Stored dataset items
►
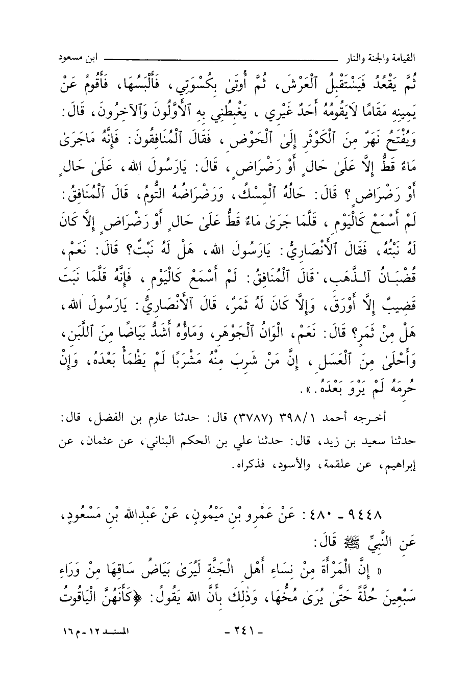 ٩٤٤٨ - عَنْ عَمْرِو بْنِ مَيْمُونٍ، عَنْ عَبْدِ اللهِ بْنِ مَسْعُودٍ، عَنِ النَّبِيِّ صلى الله عليه وسلم، قَالَ:
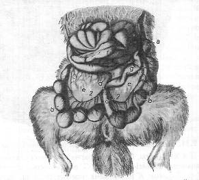 Рис. 1. Органы брюшной полости беременной собаки (по Schummer, 1987) Брюшная область открыта с вентральной стороны, большой сальник откинут, извлечена матка с плодами
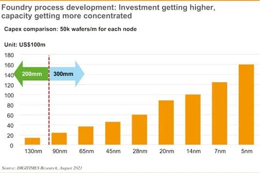 根据Digitimes在一篇文章中预估,如下图所示,一座每月可生产 50000 片90 纳米晶圆的12 英寸晶圆厂耗资约为 24 亿美元。一旦推进到 28 纳米,同等规格晶圆厂的成本将达到 60 亿美元, 5 纳米晶圆厂的成本更是高达 160 亿美元。
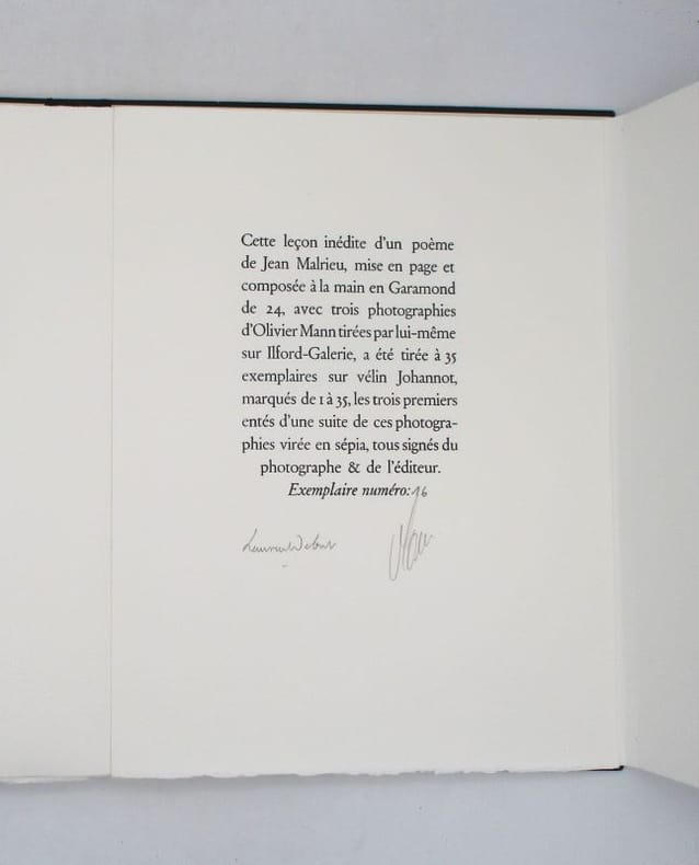 Édition originale illustrée de 3 photographies originales en noir et blanc. Un des 35 exemplaires tirés sur Johannot, unique tirage annoncé, signé par l'éditeur et l'artiste à la justification. * Membre du SLAM et de la LILA / ILAB Member. La librairie est ouverte du lundi au vendredi de 14h à 19h. Merci de nous prévenir avant de passer,certains de nos livres étant entreposés dans une réserve.
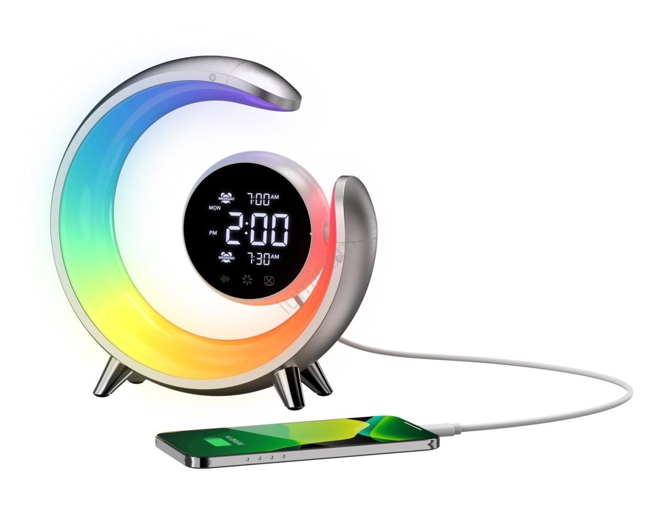 • Lampă de birou LED RGBW reglabilă cu ceas deșteptător LED/20W/5V USB argintiu
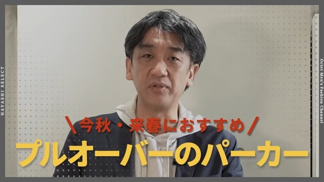 何でプルオーバーなんだろう?というのがあるかなと思うんですけど、また具体的な良さは最後にもお伝えするんですが、一つ大人の男性が着てプルオーバーのパーカーがいいなと思う理由は若々しく見えるということが1点。もう1点は体型がカバーできてスマートに見える。こういった所がいいんじゃないかなと思っています。プルオーバーのパーカーはちょっと子供っぽい印象があって着るの嫌だなと思われる方も多いかもしれないですけれども、この秋プルオーバーのパーカーにぜひ挑戦していただきたいなと思っています。
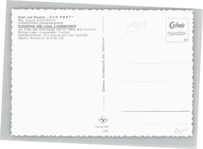 40685966 Hummersen Gasthaus Pension zur Post KatCode 11110005766052
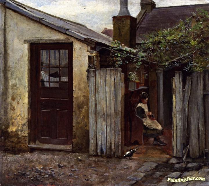 Girl with a Bird at the King Street Bakery, Art Painting by Frederick McCubbin
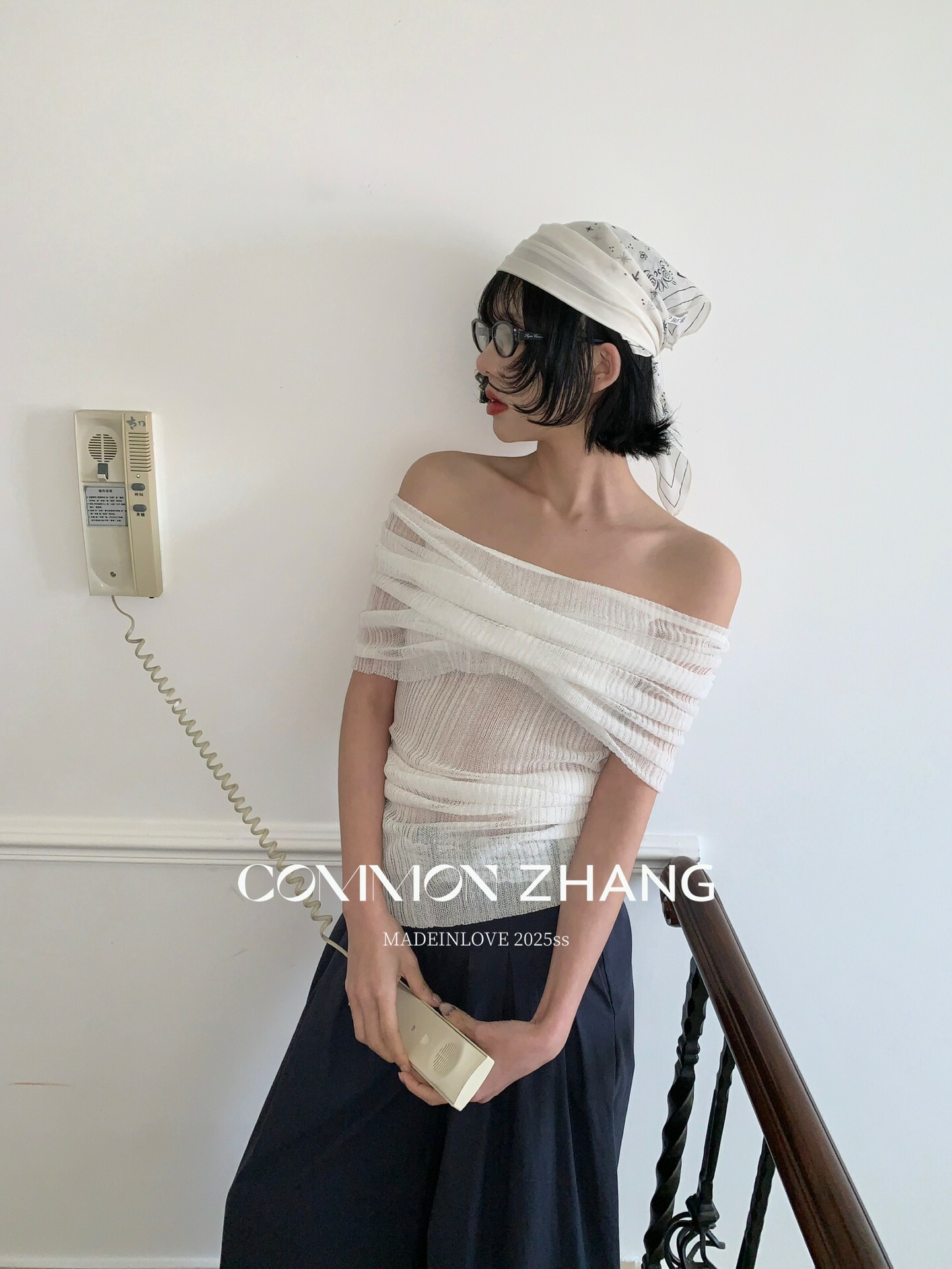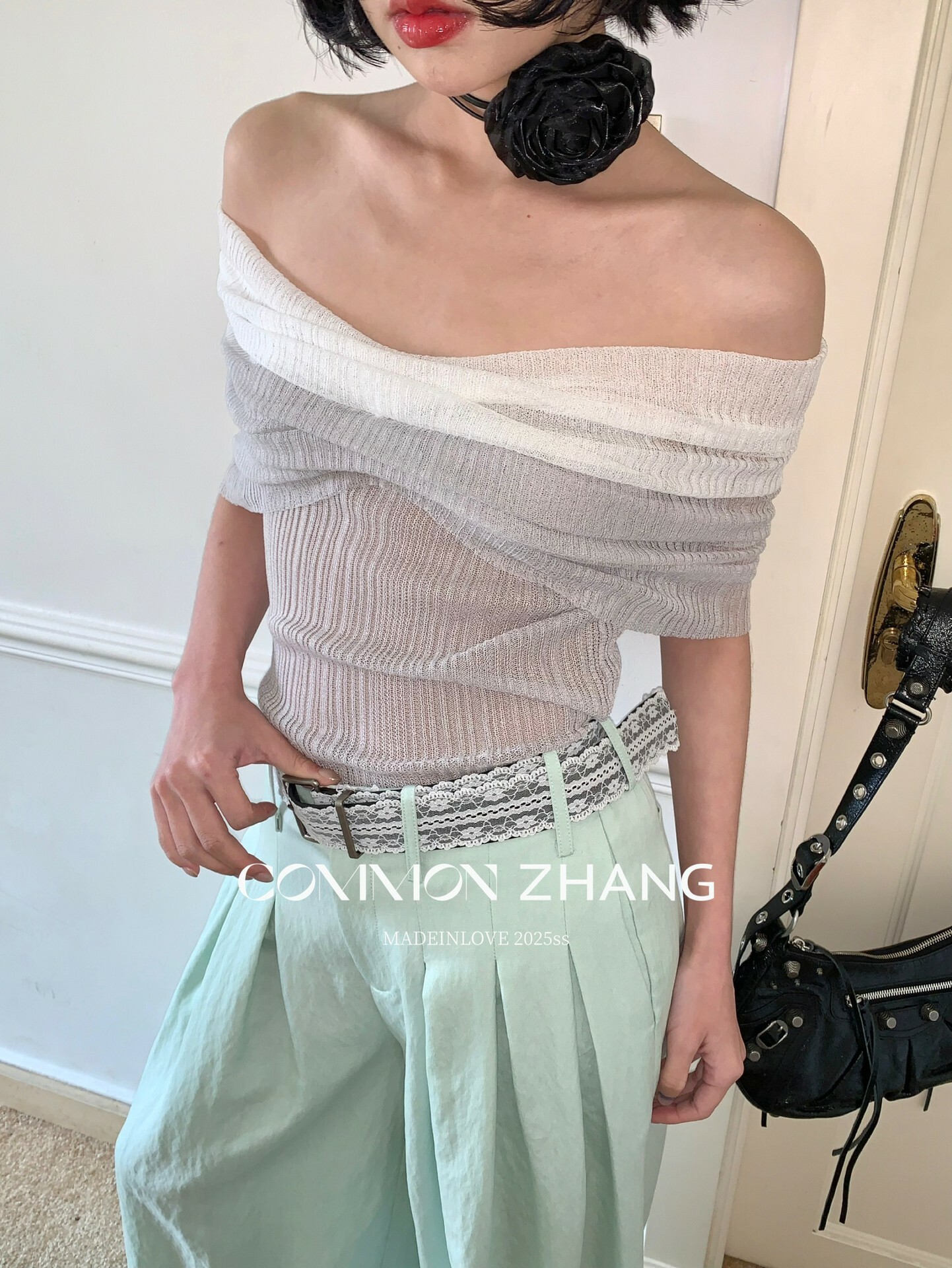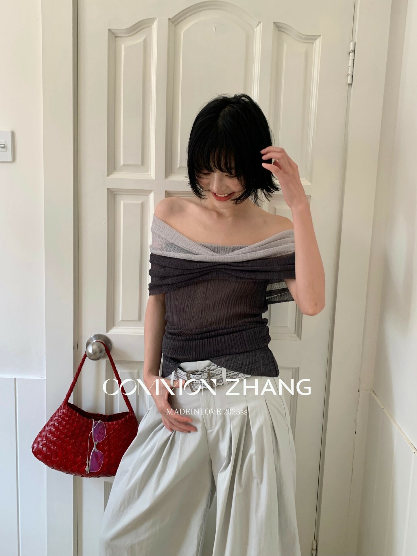 *o-ha-you*【FCZCB205646】夏季新款韓版一字領露肩性感透視純欲百搭針織衫-3色
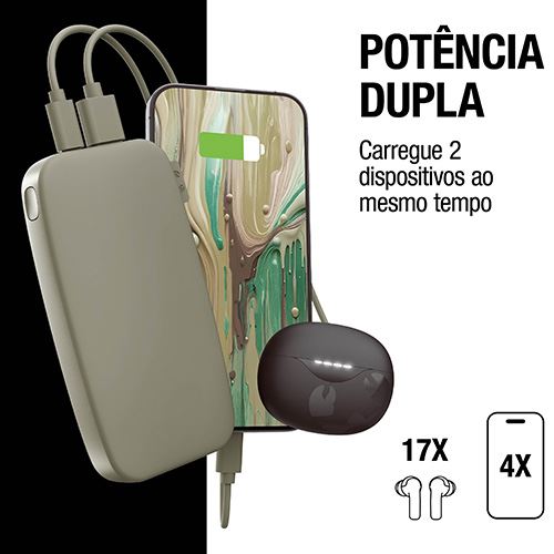 Além do próprio Powerbank, também podes carregar dispositivos como o teu telefone, altifalante ou auscultadores através da porta USB-C. Em conjunto com a porta USB no Powerbank, ou mesmo 2 portas USB no Powerbank de 18000 mAh, o que significa que podes carregar 2 ou 3 dispositivos ao mesmo tempo.
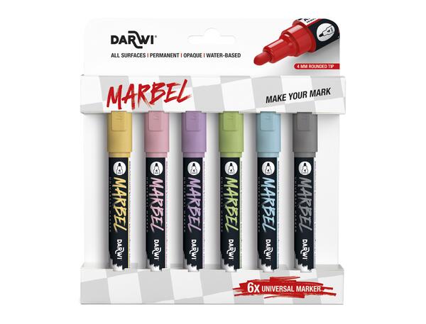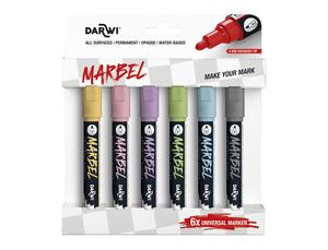 Le set de 6 marqueurs Darwi Marbel Universel avec pointe ronde medium de 4 mm propose une solution polyvalente et de qualité pour tous les projets créatifs. Adapté aux enfants comme aux adultes, ce lot de couleurs pastel offre une encre acrylique à base d'eau, opaque et permanente, qui adhère sur de multiples surfaces avec une finition mate agréable.
◄
▶ [Brief]
In the copy, include no pictures; otherwise transcribe the entries exactly.

▶ [Expected output]
 ٩٤٤٨ - عَنْ عَمْرِو بْنِ مَيْمُونٍ، عَنْ عَبْدِ اللهِ بْنِ مَسْعُودٍ، عَنِ النَّبِيِّ صلى الله عليه وسلم، قَالَ:
 Рис. 1. Органы брюшной полости беременной собаки (по Schummer, 1987) Брюшная область открыта с вентральной стороны, большой сальник откинут, извлечена матка с плодами
 根据Digitimes在一篇文章中预估,如下图所示,一座每月可生产 50000 片90 纳米晶圆的12 英寸晶圆厂耗资约为 24 亿美元。一旦推进到 28 纳米,同等规格晶圆厂的成本将达到 60 亿美元, 5 纳米晶圆厂的成本更是高达 160 亿美元。
 Édition originale illustrée de 3 photographies originales en noir et blanc. Un des 35 exemplaires tirés sur Johannot, unique tirage annoncé, signé par l'éditeur et l'artiste à la justification. * Membre du SLAM et de la LILA / ILAB Member. La librairie est ouverte du lundi au vendredi de 14h à 19h. Merci de nous prévenir avant de passer,certains de nos livres étant entreposés dans une réserve.
 • Lampă de birou LED RGBW reglabilă cu ceas deșteptător LED/20W/5V USB argintiu
 何でプルオーバーなんだろう?というのがあるかなと思うんですけど、また具体的な良さは最後にもお伝えするんですが、一つ大人の男性が着てプルオーバーのパーカーがいいなと思う理由は若々しく見えるということが1点。もう1点は体型がカバーできてスマートに見える。こういった所がいいんじゃないかなと思っています。プルオーバーのパーカーはちょっと子供っぽい印象があって着るの嫌だなと思われる方も多いかもしれないですけれども、この秋プルオーバーのパーカーにぜひ挑戦していただきたいなと思っています。
 40685966 Hummersen Gasthaus Pension zur Post KatCode 11110005766052
 Girl with a Bird at the King Street Bakery, Art Painting by Frederick McCubbin
 *o-ha-you*【FCZCB205646】夏季新款韓版一字領露肩性感透視純欲百搭針織衫-3色
 Além do próprio Powerbank, também podes carregar dispositivos como o teu telefone, altifalante ou auscultadores através da porta USB-C. Em conjunto com a porta USB no Powerbank, ou mesmo 2 portas USB no Powerbank de 18000 mAh, o que significa que podes carregar 2 ou 3 dispositivos ao mesmo tempo.
 Le set de 6 marqueurs Darwi Marbel Universel avec pointe ronde medium de 4 mm propose une solution polyvalente et de qualité pour tous les projets créatifs. Adapté aux enfants comme aux adultes, ce lot de couleurs pastel offre une encre acrylique à base d'eau, opaque et permanente, qui adhère sur de multiples surfaces avec une finition mate agréable.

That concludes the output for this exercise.